Inflation in the US has slowed, with consumer prices rising just 4.9% in April, the lowest in two years. However, Inflation concerns may be easing only in the short-term, which suggests that consumers may pull back on spending. Equities fell and bond yields rose after the report.
What you need to know
Federal Reserve member Bowman stated that additional rate hikes are “likely appropriate” if inflation remains high and the labor market remains tight. While Fed policy is now restrictive, it is uncertain if it is sufficiently so to bring down inflation. President has nominated Philip Jefferson to the position of vice chair, US World Bank representative Adriana Kugler as a member of the Fed board, and Lisa Cook to serve a second full term on the Feb board.
Equities have retreated due to unresolved concerns over the debt ceiling and a surge in bond yields driven by higher surveyed inflation expectations. Investors have shifted from cyclical to defensive stocks, with utilities and consumer staples gaining traction while consumer discretionary and financials experience a pullback.
Many large corporations, including Meta and Disney, have shifted their focus away from the “growth at all costs” mentality and instead prioritize profit. Meta’s announcement of 11,000 job cuts six months ago sparked similar moves from other tech companies, and media giants Netflix and Disney followed suit. So far, this newfound cost-consciousness has been successful, with Meta’s stock up 170% and Netflix’s up 100% from their respective lows.
Even tech giants like Microsoft, Amazon, and Alphabet have seen positive reactions from investors due to their increased discipline. However, these companies are still a long way from their past highs, largely driven by revenue growth. While cost-cutting can help expand profit in the long run, growth in sales is necessary for sustainable success.
What’s happening in Singapore
The financial performance of DBS in the first quarter of 2023 beat estimates due to strong trading income and resilient net interest income. However, the growth in net interest margins is expected to fade, and asset quality remains a key risk as non-performing loans are expected to increase due to slowing global growth. Despite this, DBS has strong capital and liquidity levels and higher return on equity, which should continue to support investor confidence.

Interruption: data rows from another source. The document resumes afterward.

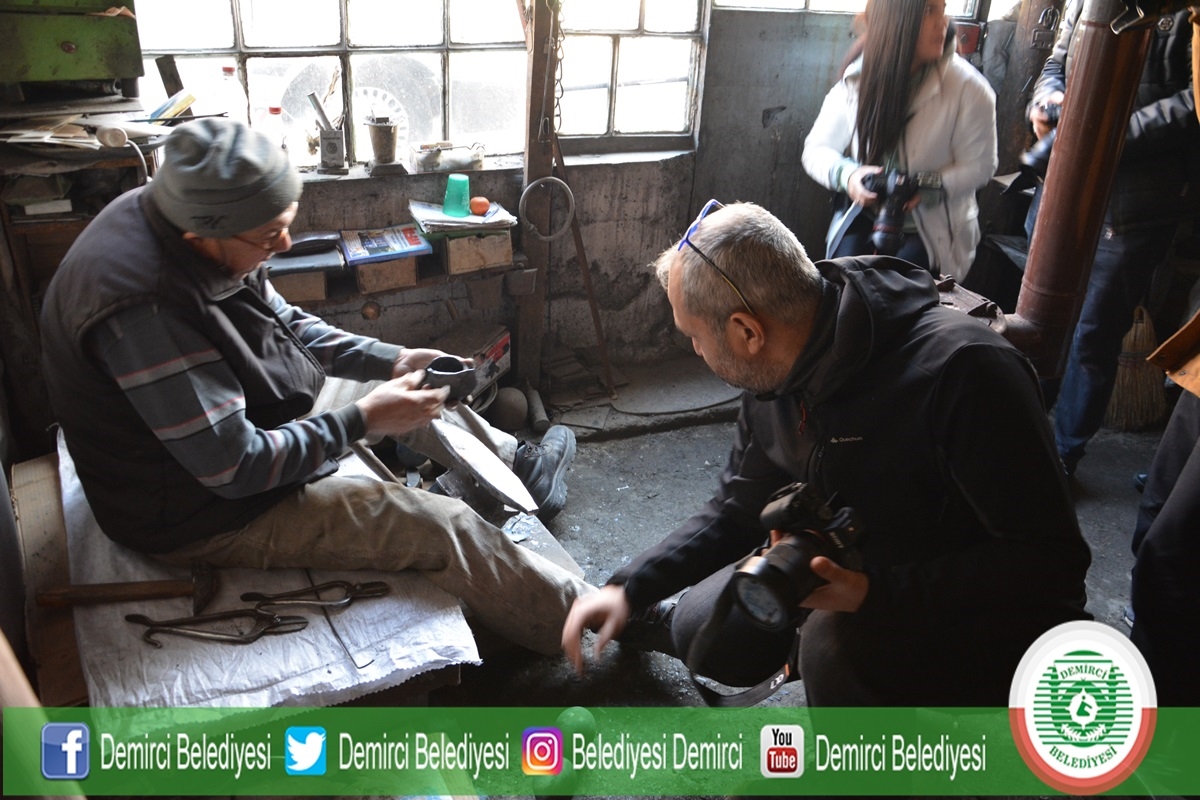 Ziyaretleri kapsamında Demirci'yi de ziyaret eden fotoğraf sanatçılara, Demirci Belediyesi Kent Konseyi Başkanı Kenan Karaman ve Demircili Fotoğrafçı Nurullah Çetintaş'ta eşlik ederken, İlçedeki semerci ustası, çancı, el halı atölyeleri, ilçenin köylü pazarını ve tarihi görsel mekanlarını gezerek, fotoğraf çektiler.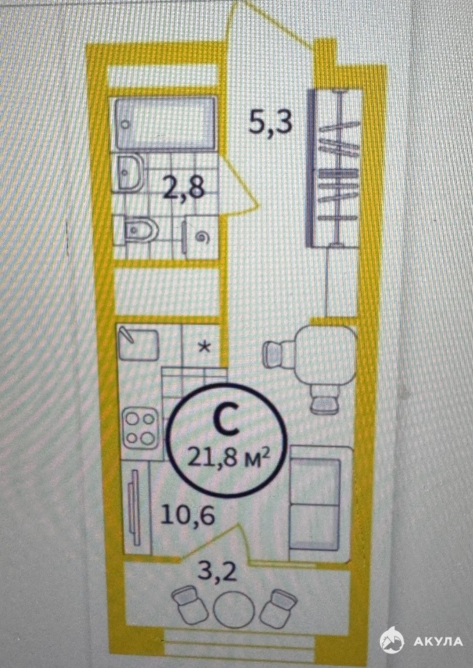 Квартира расположена в 4 доме, на 5 этаже, вид из окон на ул. Щербакова, отделка White box (предчистовая). Общая площадь: 21.9 кв.м. Высота потолков 2.7 м. Сдача объекта 2 кв 2026 года.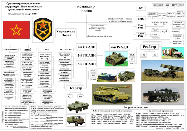 Состав и вооружение 28-го реап в период по 1 апреля 1986 года[1][2][3]:

The overall REIT portfolio performance was better in the March quarter but was offset by higher funding and operating costs and adverse foreign exchange movements. The managers talked up recycling and opportunistic divestments, and there is room for rotation and selective opportunities in a range-bound sector outlook. While the rate pause may bring forth optimism, sustainable re-rating will only come from better growth or rate cuts.